> **TASK**:
What you return must match the entries exactly, except that the pictures are gone.

[MATERIAL TO PROCESS]

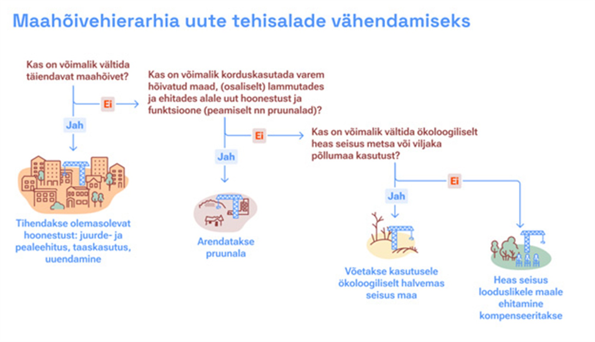 Teine planeeringu aluspõhimõte on maahõive hierarhia teekaart uute tehisalade vähendamiseks. See tähendab, et uute arendusalade rajamisel välditakse loodusliku maapinna katmist tehismaterjalidega. Selles osas on üleriigiline planeering kõige selgema väljendusega ja seepärast ka realiseeritav. Linnaarenduses peaks esimene valik alati olema olemasoleva hoonestuse tihendamine. Kui see pole võimalik, siis tuleb korduskasutada juba hõivatud maad, selektiivselt lammutada ja uusehitisi püstitada. Hea näide sellest on endiste tööstusalade arendused, Tallinnas näiteks Põhjala ja Telliskivi, Tartus Aparaaditehas. Kolmanda valikuna tuleks eelistada arendust maal, mis pole heas seisus metsamaa ega viljakas põllumaa. Viimase variandina, kui heas seisus looduslikule maale ehitamine on vältimatu, tuleb tekkiv keskkonnakahju mujal kompenseerida. Sääraste selgete teekaartide najal töötatakse välja toetavad reeglid, seadused ja planeerimispraktika, mille mõju on mõõdetav.
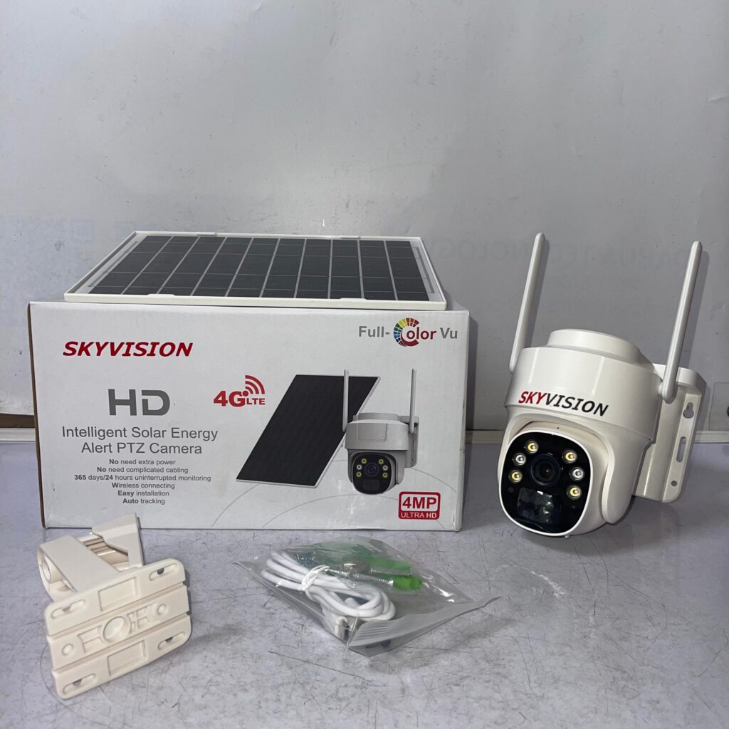 Upgrade your outdoor security with the Skyvision 4MP 4G Single Lens Solar Energy Alert PTZ Mini Outdoor Camera with Auto Tracking (SIM Enabled) – a compact but powerful solar-powered CCTV camera designed for 24/7 surveillance in Nigerian conditions.
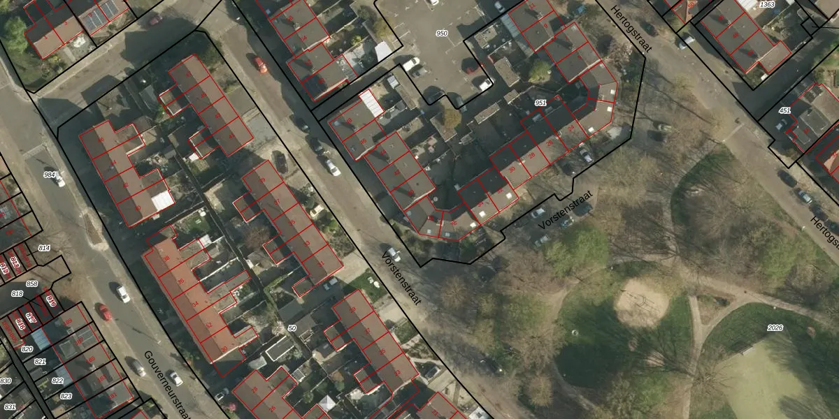 Vorstenstraat 38 is gelegen op kadastraal perceel HLN01L951. Deze kadastrale aanduiding is uniek en wordt gebruikt door het Kadaster om eigendomsrechten en andere zakelijke rechten vast te leggen. Het perceel maakt onderdeel uit van de kadastrale gemeente Heerlen.
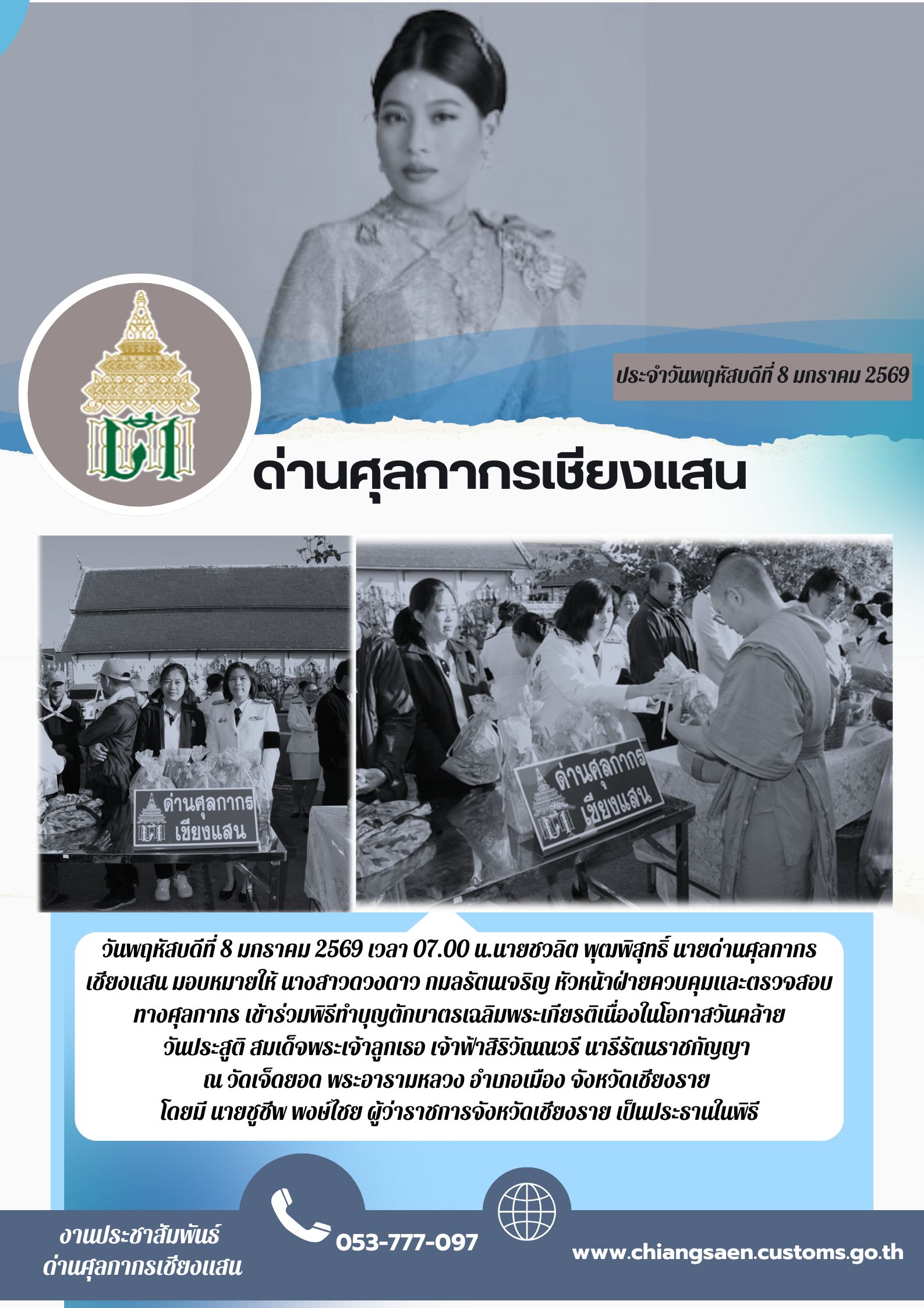 วันพฤหัสบดีที่ 8 มกราคม 2569 เวลา 07.00 น.นายชวลิต พุฒพิสุทธิ์ นายด่านศุลกากร
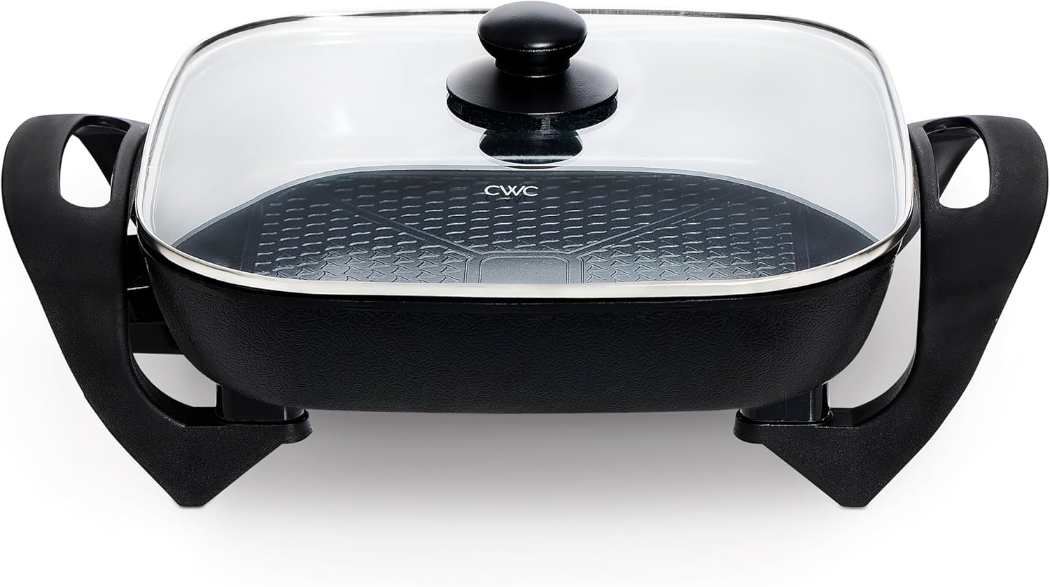 - Spacious and Durable: Features a large 12" x 12" x 2.4" die-cast aluminum pan with a ceramic coating, offering durability, even heat distribution, and ample space for large meals.

[/MATERIAL TO PROCESS]

> **SOLUTION**:
 Teine planeeringu aluspõhimõte on maahõive hierarhia teekaart uute tehisalade vähendamiseks. See tähendab, et uute arendusalade rajamisel välditakse loodusliku maapinna katmist tehismaterjalidega. Selles osas on üleriigiline planeering kõige selgema väljendusega ja seepärast ka realiseeritav. Linnaarenduses peaks esimene valik alati olema olemasoleva hoonestuse tihendamine. Kui see pole võimalik, siis tuleb korduskasutada juba hõivatud maad, selektiivselt lammutada ja uusehitisi püstitada. Hea näide sellest on endiste tööstusalade arendused, Tallinnas näiteks Põhjala ja Telliskivi, Tartus Aparaaditehas. Kolmanda valikuna tuleks eelistada arendust maal, mis pole heas seisus metsamaa ega viljakas põllumaa. Viimase variandina, kui heas seisus looduslikule maale ehitamine on vältimatu, tuleb tekkiv keskkonnakahju mujal kompenseerida. Sääraste selgete teekaartide najal töötatakse välja toetavad reeglid, seadused ja planeerimispraktika, mille mõju on mõõdetav.
 Upgrade your outdoor security with the Skyvision 4MP 4G Single Lens Solar Energy Alert PTZ Mini Outdoor Camera with Auto Tracking (SIM Enabled) – a compact but powerful solar-powered CCTV camera designed for 24/7 surveillance in Nigerian conditions.
 Vorstenstraat 38 is gelegen op kadastraal perceel HLN01L951. Deze kadastrale aanduiding is uniek en wordt gebruikt door het Kadaster om eigendomsrechten en andere zakelijke rechten vast te leggen. Het perceel maakt onderdeel uit van de kadastrale gemeente Heerlen.
 วันพฤหัสบดีที่ 8 มกราคม 2569 เวลา 07.00 น.นายชวลิต พุฒพิสุทธิ์ นายด่านศุลกากร
 - Spacious and Durable: Features a large 12" x 12" x 2.4" die-cast aluminum pan with a ceramic coating, offering durability, even heat distribution, and ample space for large meals.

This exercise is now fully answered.